During a recent virtual classroom visit, an 18-year-old student asked me why he should vote. 

"What's the difference between Trump and Biden?" he asked. "Like for real." 

"Biden may not be the perfect candidate," I said. "But you have a choice. In life, we make decisions all of the time. I hate spaghetti and I hate turkey meatloaf; however, if I'm hungry and they are my only two options, then meatloaf it is. Every decision isn't gonna leave you 100 percent satisfied, but that doesn't make you exempt from making the tough choices." 

I then told the kid to ignore the useless noise from all the personalities — from Twitter-verified pundits to Facebook weirdos to celebrities like Ice Cube — who don't come through his neighborhood to offer real help, who can't understand his current reality, but are trying to sway his vote now for their own reasons. I told him I'd never tell him who to vote for, but to remember these used to be choices only rich white men were allowed to make. Our ancestors fought hard for our right to vote.

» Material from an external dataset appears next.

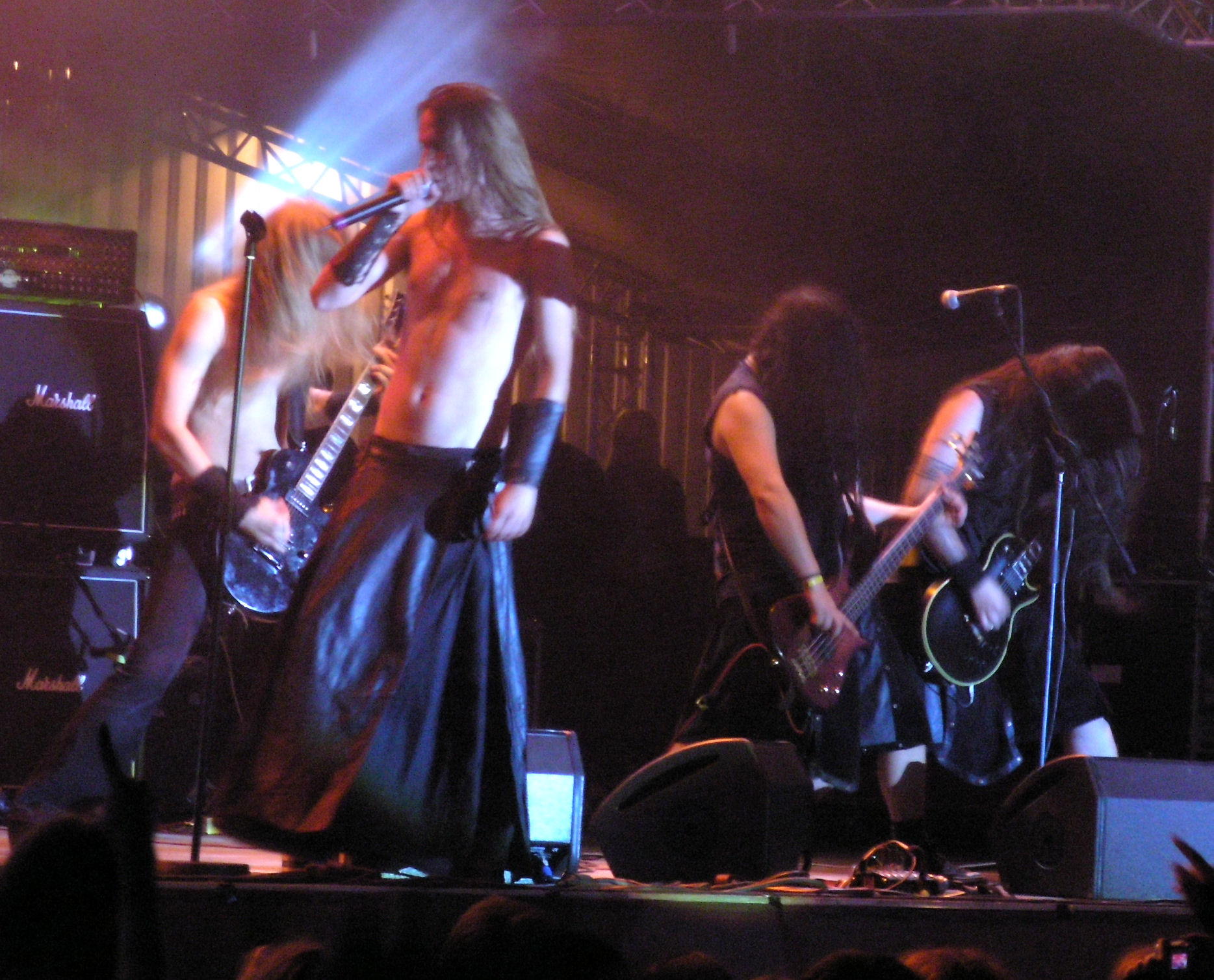 Music band Finntroll during Masters of Rock 2007 festival

"So, Biden is a broken arm to me. Trump is a broken spine, broken neck and four broken limbs," I said in closing. In that case, I told him, "not voting is death."

Which would you choose?

D. Watkins

D. Watkins is an Editor at Large for Salon. He is also a professor at the University of Baltimore and founder of the BMORE Writers Project. Watkins is the author of the New York Times best-selling memoirs “The Beast Side: Living  (and Dying) While Black in America” and "The Cook Up: A Crack Rock Memoir." His latest book, "We Speak For Ourselves: A Word From Forgotten Black America," is out now.